A. Once again I feel lucky, as my research about personal finances has led me to make some changes in my life. One of those changes was to spread my cash savings between two different banks, as I learned that the FDIC insures my money only up to $100,000. And, some banks may consider several accounts as one account, so multiple accounts valued as one account could spell trouble if they're valued at over $100,000. I also learned that certain retirement accounts, such as an IRA, are insured up to $250,000. Believe me, I'm covered there. I'm nowhere near that amount.

While I can limit my exposure, I worry about my clients. As I tell my mother, “I'm in a recession-proof business, but my client's aren't.” In other words, will the money keep flowing in? As a freelance writer, I can see the 'hard times' writing on the wall when clients begin to send payments in late, or the work falls off, or when a client decides to take a 'vacation' in the middle of a project. This behavior started two months ago, so I knew then to quit spending on unnecessary items and to start clipping coupons in earnest.

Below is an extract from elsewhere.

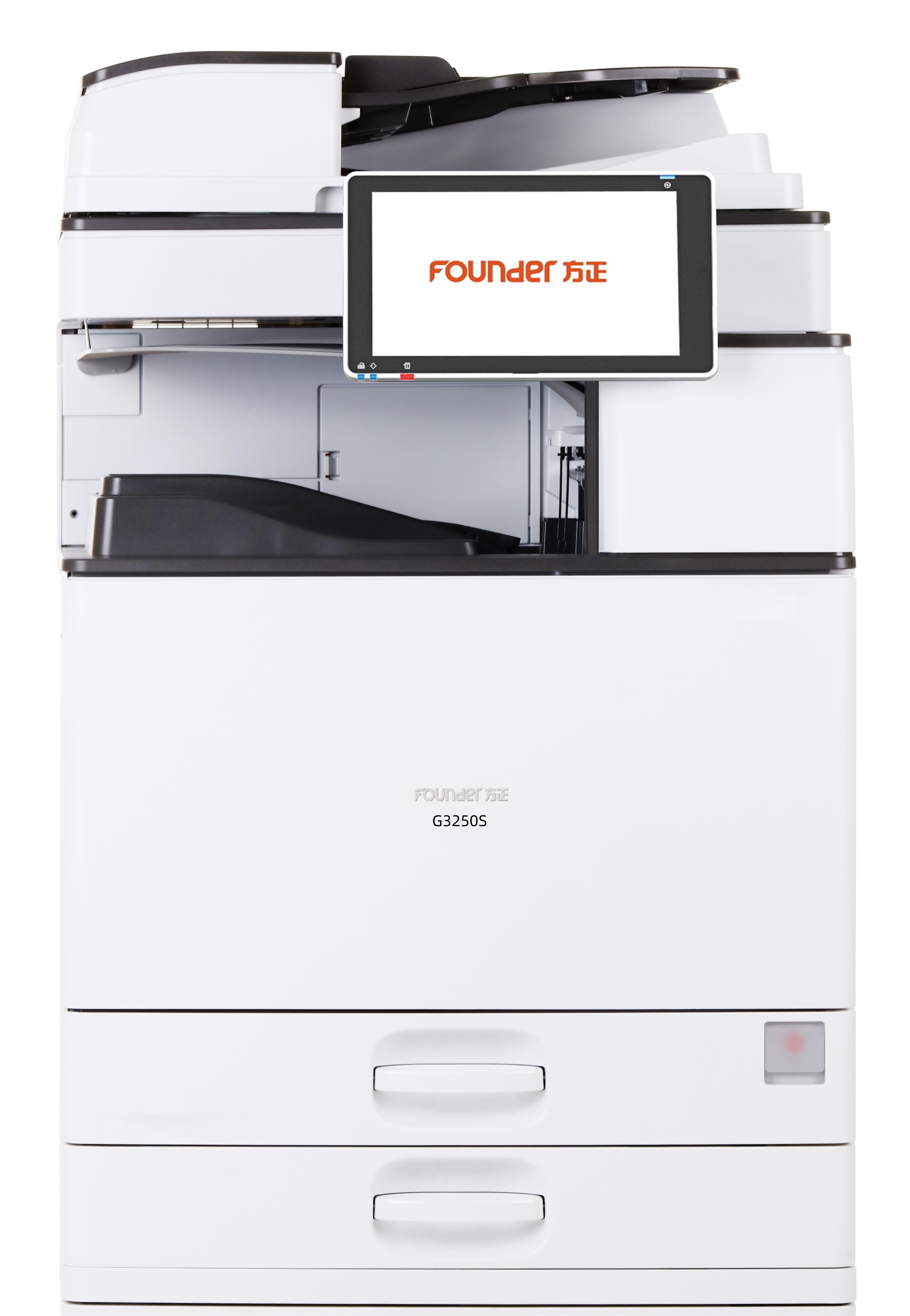 2人性化设计:方正G3250S采用10.1英寸高品质智能触控屏,具有平板电脑般的智能操控性,功能选择一目了然,操作面板的角度可在10~90度之间调节,来适应不同的光线环境,同时能满足轮椅用户的操作。该款机器手动送纸盘搭载旋转定位传感器,根据电阻的变化,以毫米精度检测信封和明信片等不固定尺寸纸张。方正G3250S具有防卡纸设计,双面打印装置的导板部件为透明,客户可以一眼看出是否卡纸,并准确判定卡纸位置,充分体现方正的人性化设计理念。 2.3安全设计:方正G3250S从产品设计上充分考虑国内用户的信息安全需求,从产品的硬件设计上,就摒弃了蓝牙无线传输模块,彻底杜绝信息泄露通道,同时该款设备还具有感光鼓潜影自动清除、内存自动清除、硬盘加密、硬盘残留数据删除、安全认证、固件签名校验、端口控制和关闭、防非法复印水印、PIN码打印等安全保障功能。

Q. Who are you listening to for advice?

A. Right now, I'm listening with all my might to Wall Street and Washington. The decisions that are made there now will affect my parents and their retirement plans, my life, and my daughter's future. So, I can't count on just one source of information to form my own opinions. It is my money, after all.

But, I will admit that I don't read newspapers any more. That news is far too slow for me. I stick to television and I stay online, moving among all major news networks and online newspapers, several financial sites and blogs, and I count on a few people to give me a heads up on breaking news.

Is all that news somewhat of an overload? You betcha. But, I believe an overload is warranted this October. I'll let you know my temperature in two weeks, when I may have some more questions to answer.